*TASK STATEMENT:* Down to the last line below, write out every line exactly, starting with the one that contains "Coin cuisine : plaques" and leaving out the pictures.

*THE DATA:*

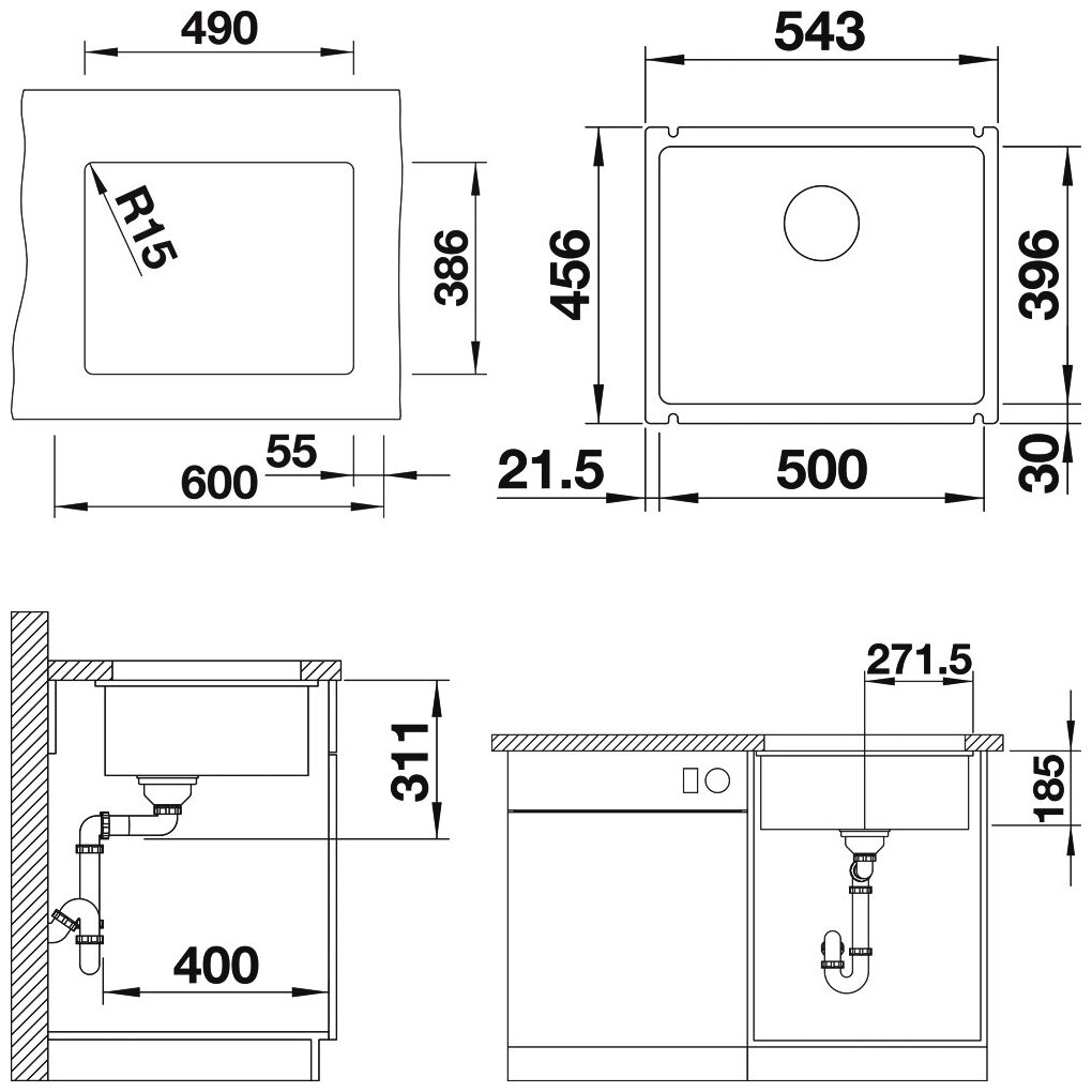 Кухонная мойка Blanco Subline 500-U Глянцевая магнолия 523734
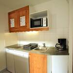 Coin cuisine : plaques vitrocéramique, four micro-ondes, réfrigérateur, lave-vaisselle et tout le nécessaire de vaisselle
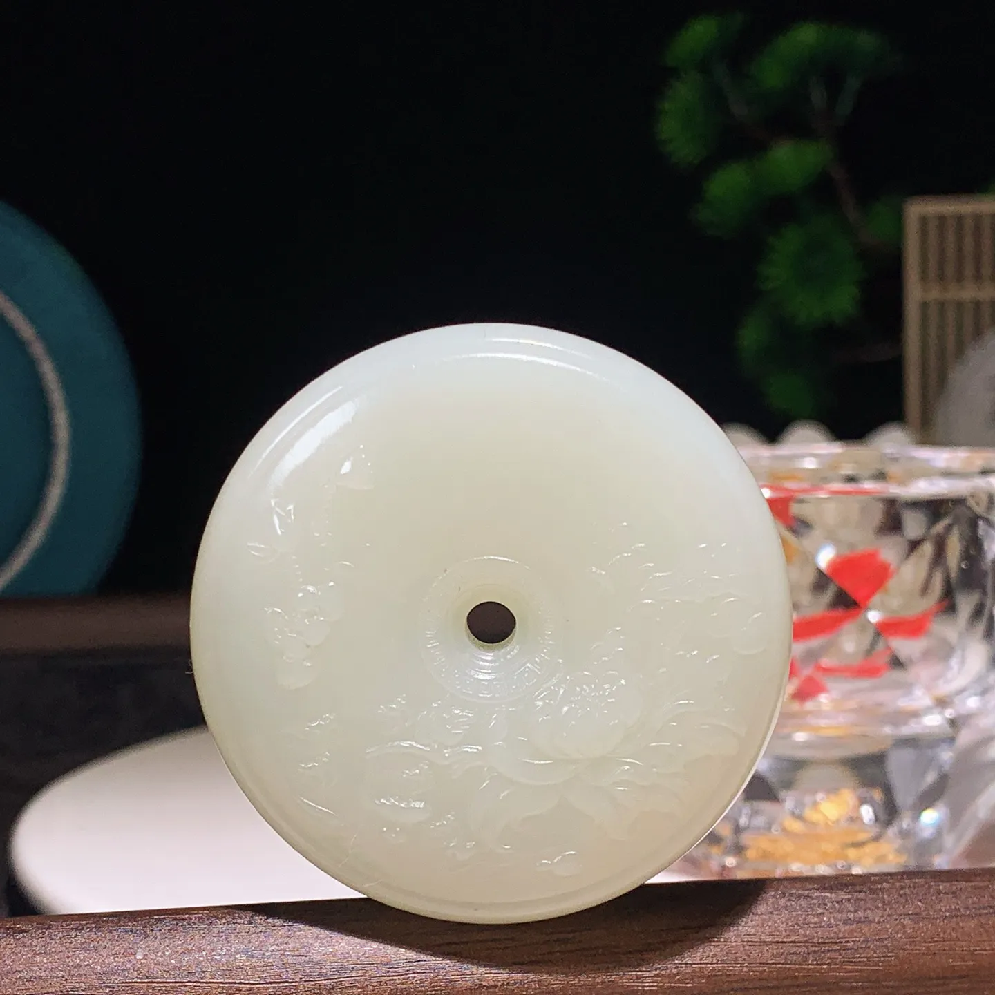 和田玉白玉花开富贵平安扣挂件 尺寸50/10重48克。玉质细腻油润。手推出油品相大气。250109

*WRITTEN SOLUTION:*
 Coin cuisine : plaques vitrocéramique, four micro-ondes, réfrigérateur, lave-vaisselle et tout le nécessaire de vaisselle
 和田玉白玉花开富贵平安扣挂件 尺寸50/10重48克。玉质细腻油润。手推出油品相大气。250109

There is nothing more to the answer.